Probably most poignant, and unfortunately least surprising, is that the writer who calls it quits after struggling too long and facing too much rejection is the one who has the most external cards stacked against her. She is a Black woman, and she also seems to focus on the slightly more indie side of things. But sadly, she also seems like she might be the most talented (hard to tell since we never read or hear much of their scripts), or at least the one with the best balance of the commercial and artistic. Furthermore, she came from a job working for a production company, where she presumably had learned the business and craft better (as I know I have from my work). Thus, her despair is that much more moving when it hits.

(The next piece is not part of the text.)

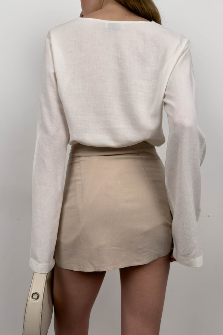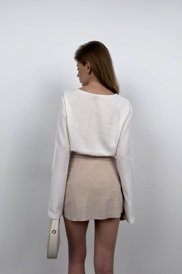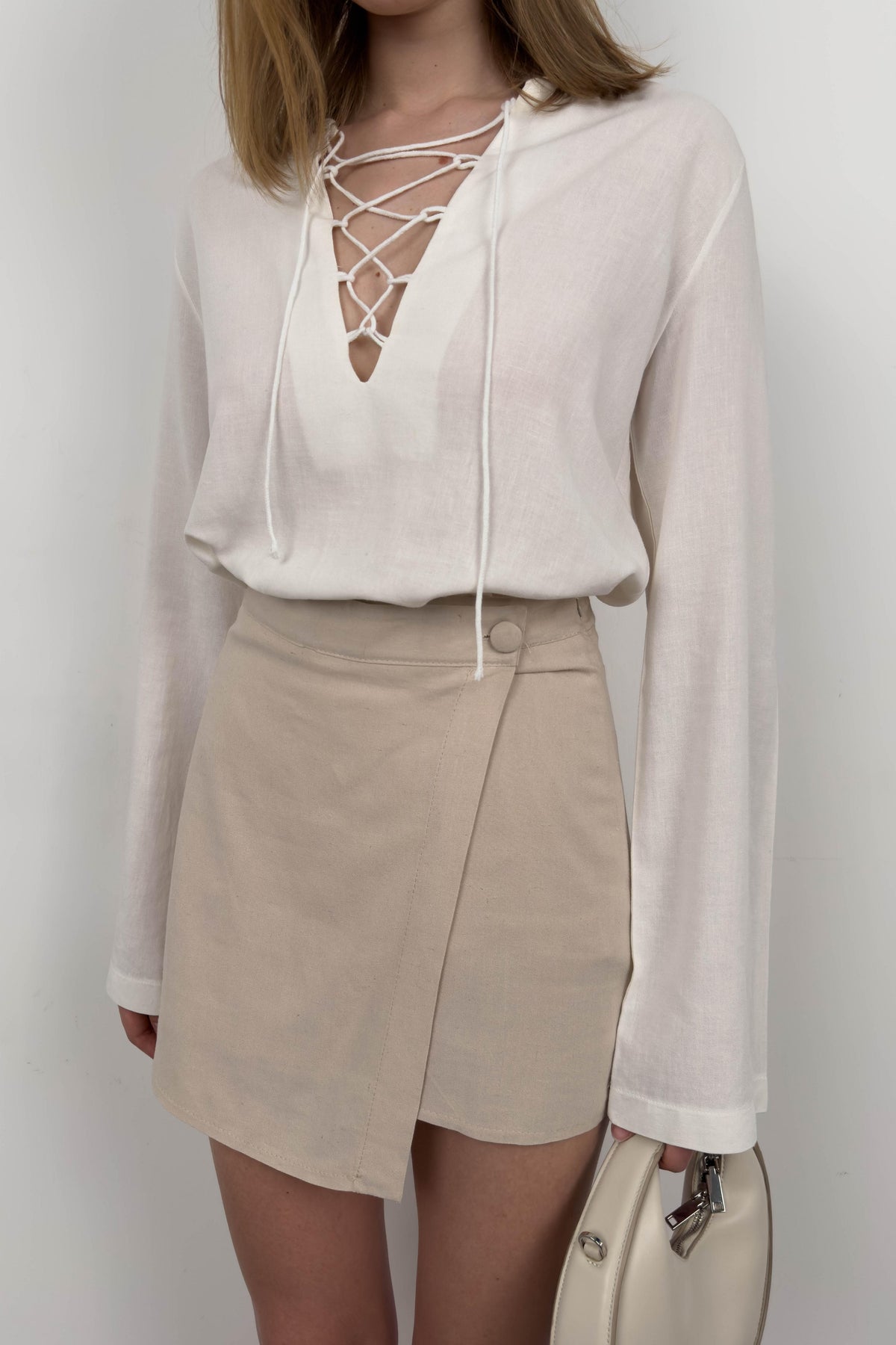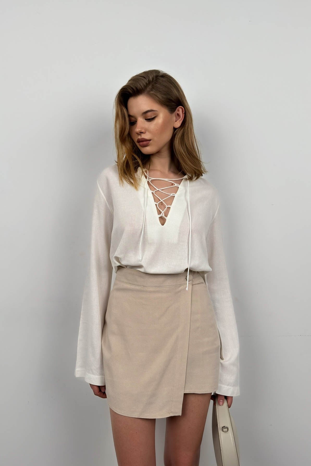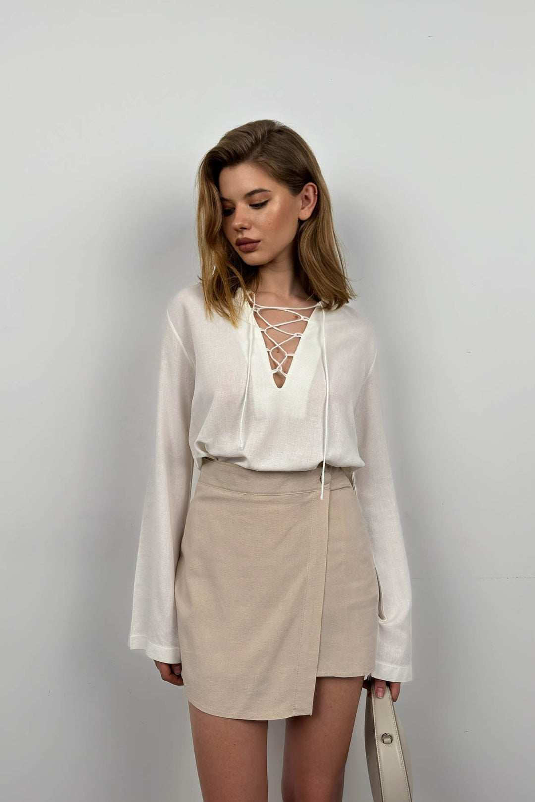 V Neck, Long Sleeve, Lace Up, Linen Blouse, Long Sleeve, Flare Sleeve, Regular Length

Also interesting is the continued struggles and compromises faced by the "successful" one of the three. Even with his film moving towards production, he still faces numerous hurdles both annoying and (at times) insulting, all for the cause of getting a film made.

Ultimately, Dreams on Spec is not a great or groundbreaking film, but a good one worth watching. This is true both for the myriad other spec screenwriters of the world, and for anyone who is curious about what drives us. And while it might never fully answer this question, it still might add to an understanding of where our minds are, collectively speaking.

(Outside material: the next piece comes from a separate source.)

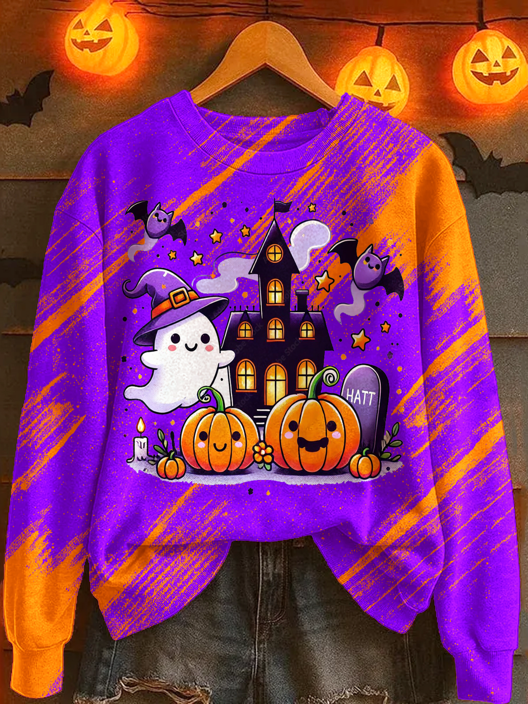 Halloween Ghost And Punmkin Printed Long Sleeve Casual Top

Update: Alex Epstein posted his review of the film yesterday, but I hadn't read it yet. You should go read it HERE. He raises some points that I felt uncomfortable saying, but he's right. One of the reasons that so many spec writers struggle for so long without finding success is that many of them simply are bad writers. Not all. But many.

So the idea is that if a writer writes screenplays for a certain amount of time (and I'm not saying I know how long that is, though as one of Alex' commenters suggests, 10 years is a good starting point for the discussion) and still finds no success, (s)he should likely call it quits, because (s)he is likely lacking the necessary skills/talent. Certainly there are some writers who call it quits too early, and that shows they lacked the perseverance to succeed. And others do persevere, and finally do find success after much longer. But most of that latter category probably found some minor measures of success along the way rather than just pure rejections.

Most likely, it all comes down to how you define your own progress and success. But if you work for long enough and you fail to meet those definitions, you certainly need to ply yourself with a good dose of reality.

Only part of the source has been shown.